Dies emuliert einen kompletten TCP/IP-Stack im Userspace. Es schickt Ethernet-Pakete über einen TAP-Socket und übersetzt sie in normale System-Calls.
Der Preis: Performance. Rootless Networking ist ca. 10-20% langsamer als Root-Networking und hat Probleme mit MTU-Größen und ICMP (Ping funktioniert oft nicht ohne Hacks). In High-Performance Umgebungen muss man dies durch spezialisierte Plugins (wie cni-ovn) optimieren.
3. Das SUID-Dilemma & No-New-Privileges
Obwohl der Container unprivilegiert ist, könnte ein bösartiges Progrämmchen im Container versuchen, über SUID-Binaries (wie sudo) mehr Rechte zu erlangen.
Sicherheitsarchitekten setzen daher in Produktion zusätzlich das Flag --security-opt=no-new-privileges.

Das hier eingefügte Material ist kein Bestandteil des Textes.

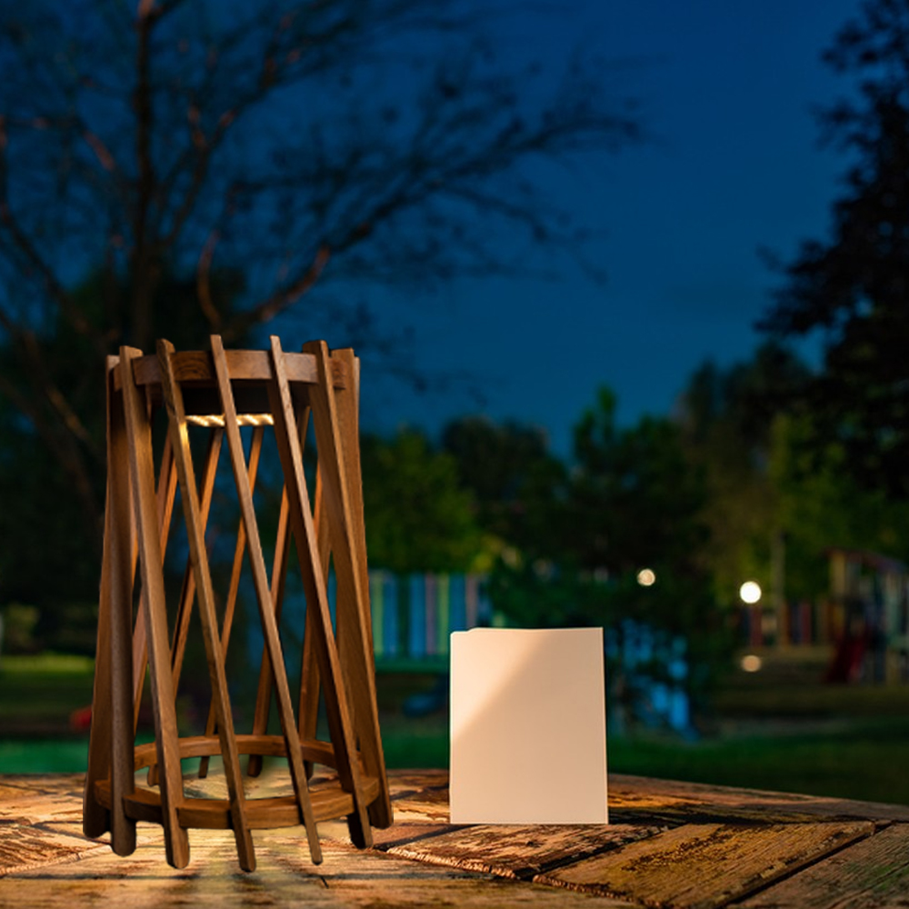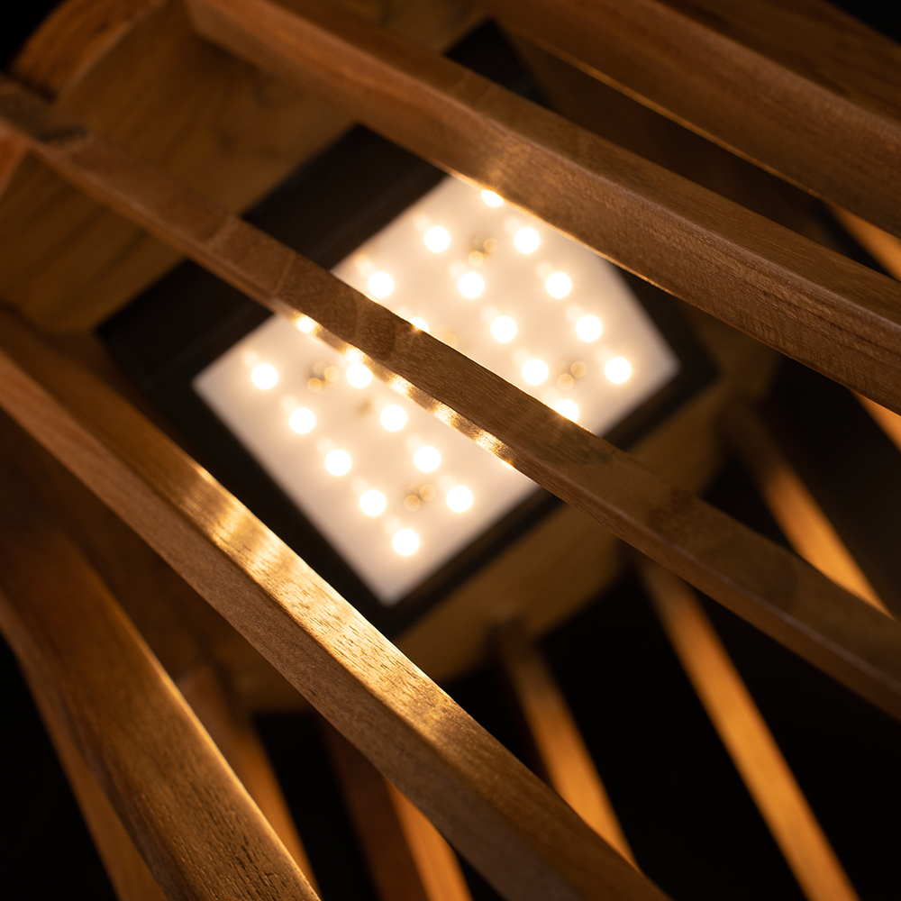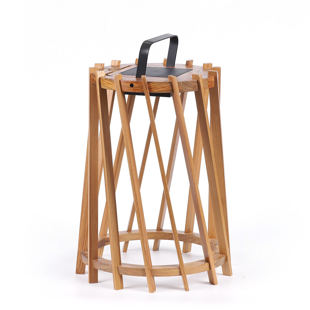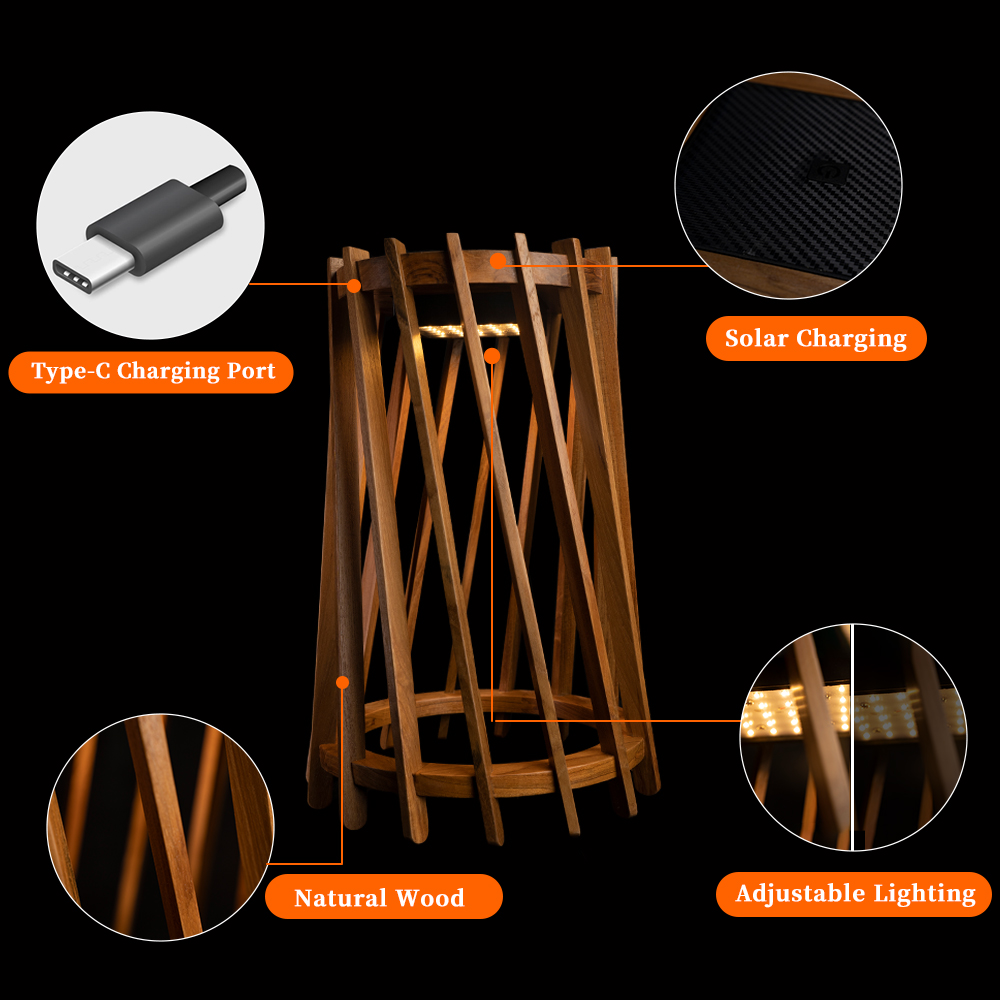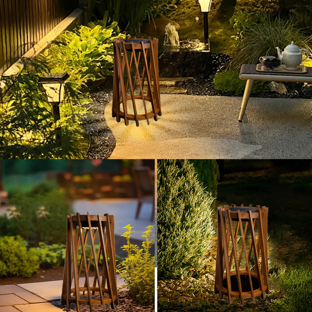 Outdoor Lighting Garden Backyard Solar Powered LED Hanging Lantern Weather Resistant Wooden frame Nature Style Deco Lamp
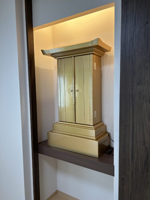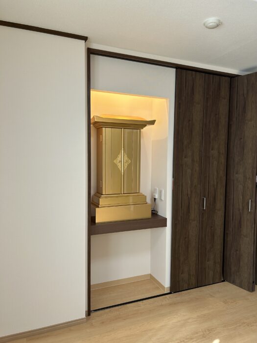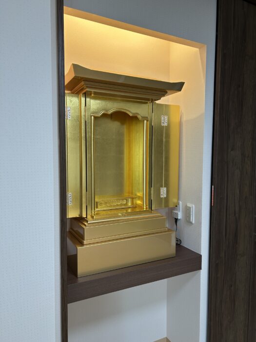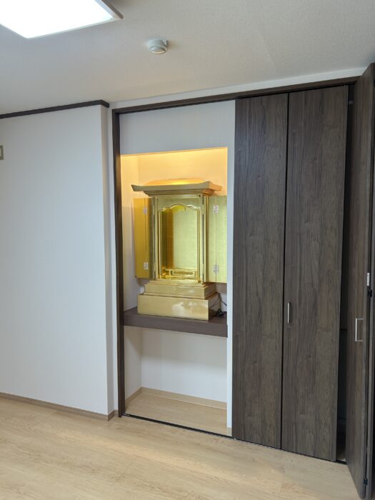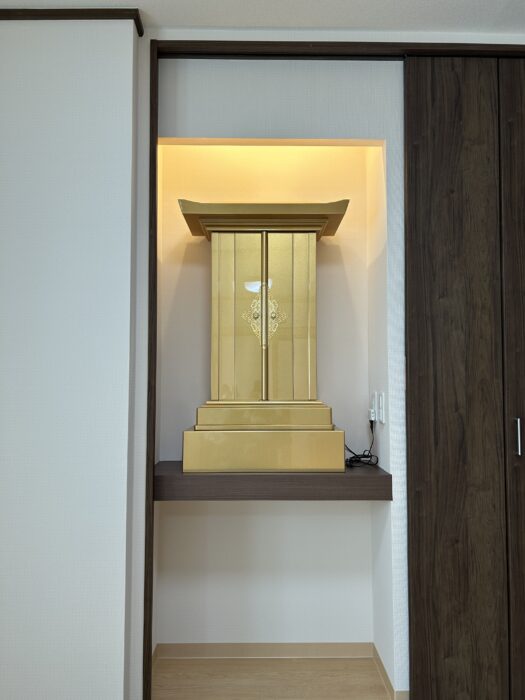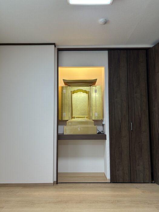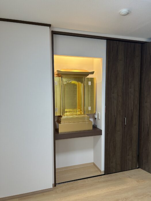 ■ インテリアに溶け込む、計算された設置 設置場所は、お部屋のクローゼット横に設けられた専用のスペース。 白を基調とした明るい壁紙と、ダークブラウンの建具という現代的な空間に、お仏壇の黄金色が鮮やかに映え、お部屋全体に凛とした格式高い雰囲気をもたらしてくれています。
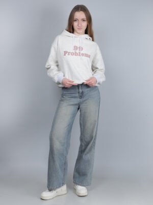Beige Graphic Printed Hoodie for Women – 99 Problems
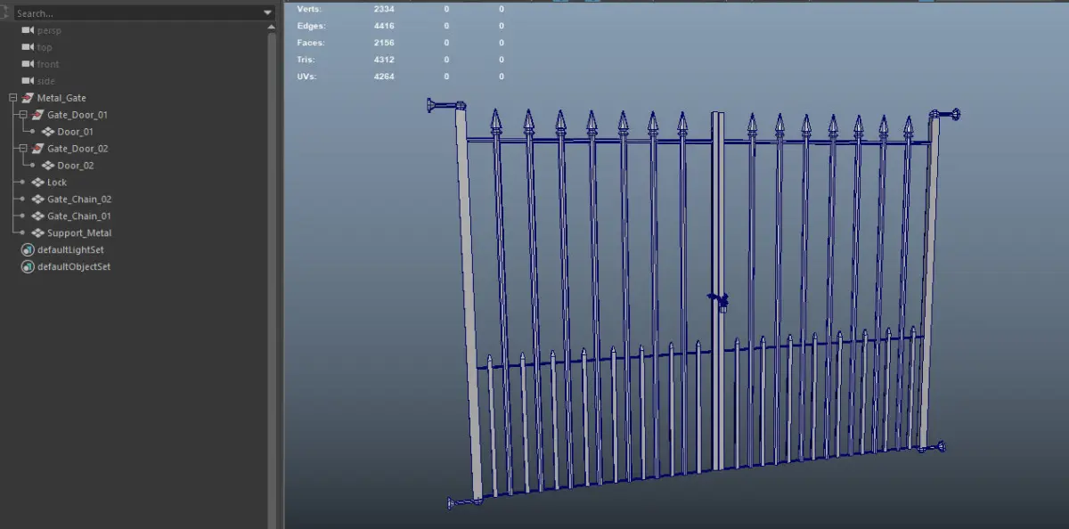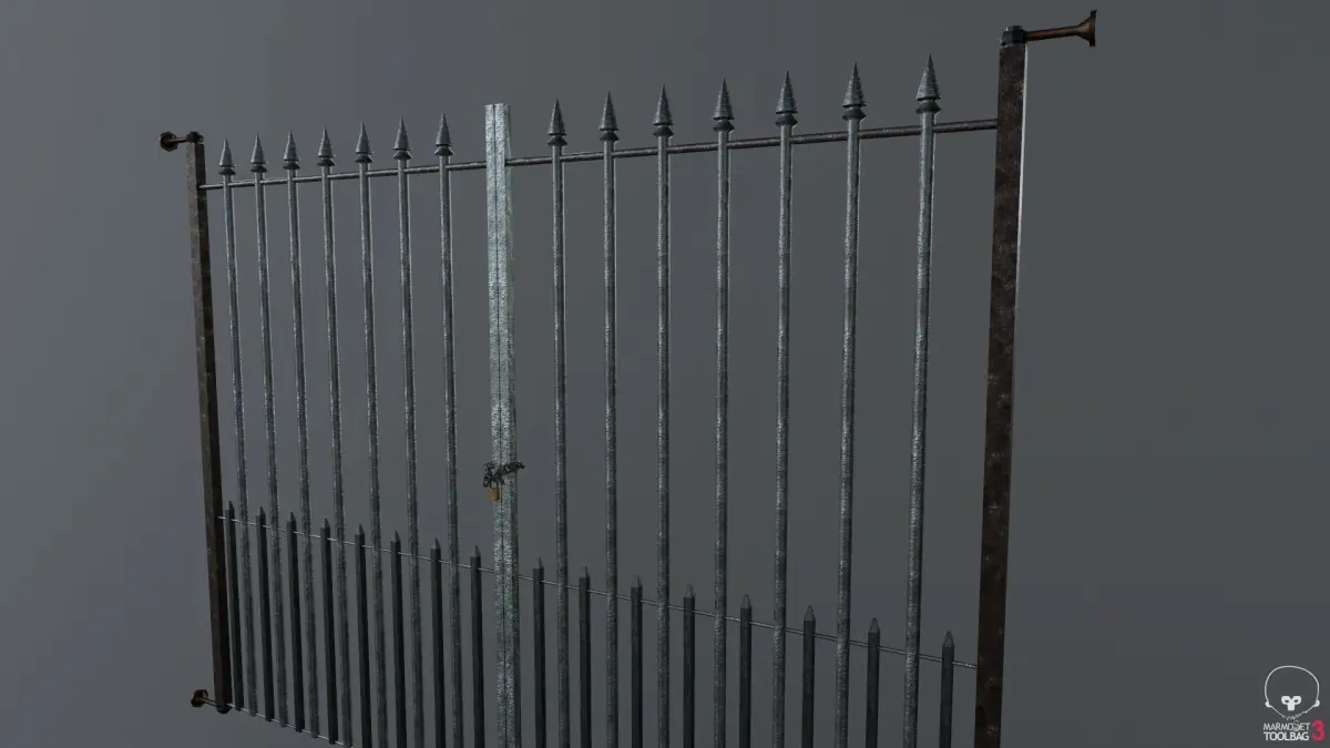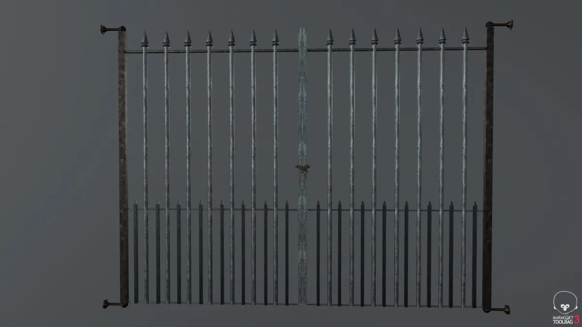 A Metal Gate made for a horror game ready for a game engine it has 2334 verts 2156 polys and 4312 tris and the textures are 2048 x 2048 includes diffuse and normal maps
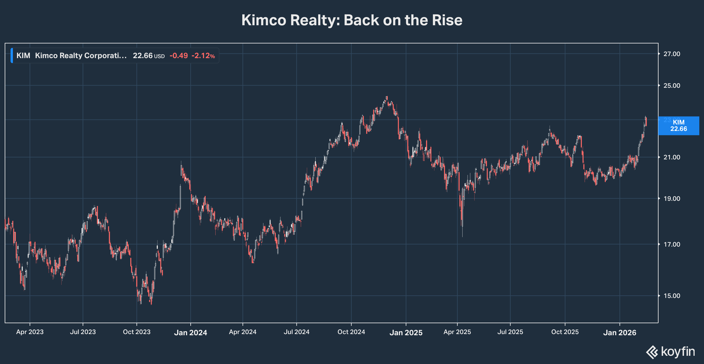 Retail REITs have started out 2026 better than they finished 2025. Shares of grocery anchored shopping mall owner Kimco Realty (NYSE: KIM), for example, are already up by a double-digit percentage this year, after losing almost -10 percent in 2025. NNN (NYSE: NNN) is also up double-digits after being underwater before dividends last year.
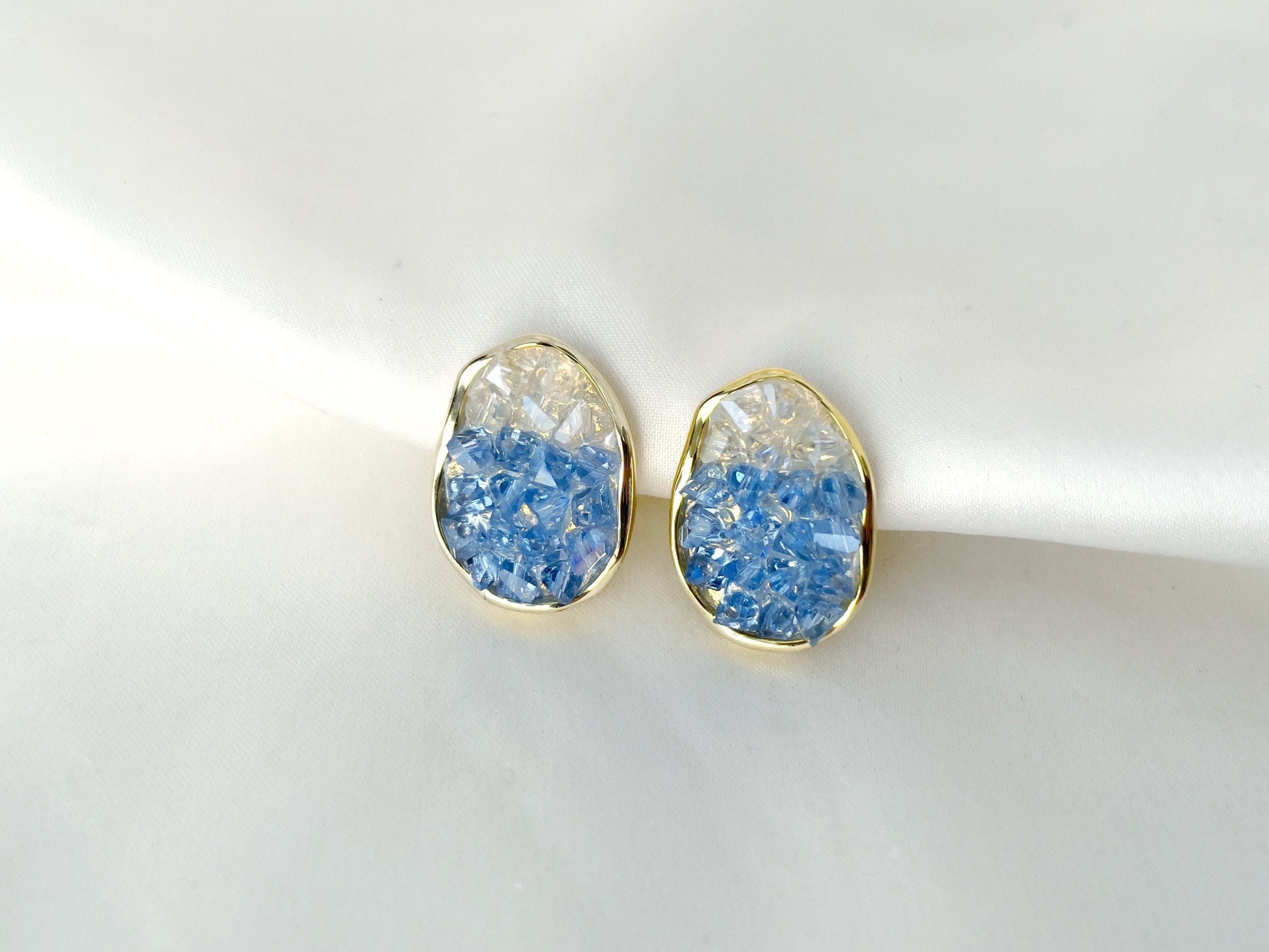 A pair of sparkling druzy crystal glass clip on earrings, adding a touch of glamour and sparkle to your outfit! Available in Blue, Champagne and Green colour.

Dieser Kernel-Befehl verbietet es einem Prozess und all seinen Kindern, jemals wieder Privilegien zu erhöhen (auch nicht über SUID). Das schließt das letzte Schlupfloch, falls ein Hacker im Container einen Weg finden sollte, vom "Pseudo-Root" zum "Echten Root" zu werden.
Quick-Check
Warum Port 80 Problem?
Nur Root darf Ports < 1024 binden (Linux Regel). Ein unprivilegierter Container (Nginx als User 1001) muss Port 8080 nutzen. (Ab Kernel 4.11 kann man das lockern viasysctl net.ipv4.ip_unprivileged_port_start).Ist "USER 1000" sicher genug?
Viel sicherer als Root. Aber wenn es im Kernel eine Lücke gibt ("Dirty Pipe"), könnte User 1000 trotzdem Root werden. User Namespaces (Remapping) sind eine extra Schicht Sicherheit.Kubernetes?
Man nutztsecurityContextim Pod:runAsNonRoot: true. K8s verweigert den Start, wenn das Image als Root laufen will. Wichtig für Policy (OPA Gatekeeper).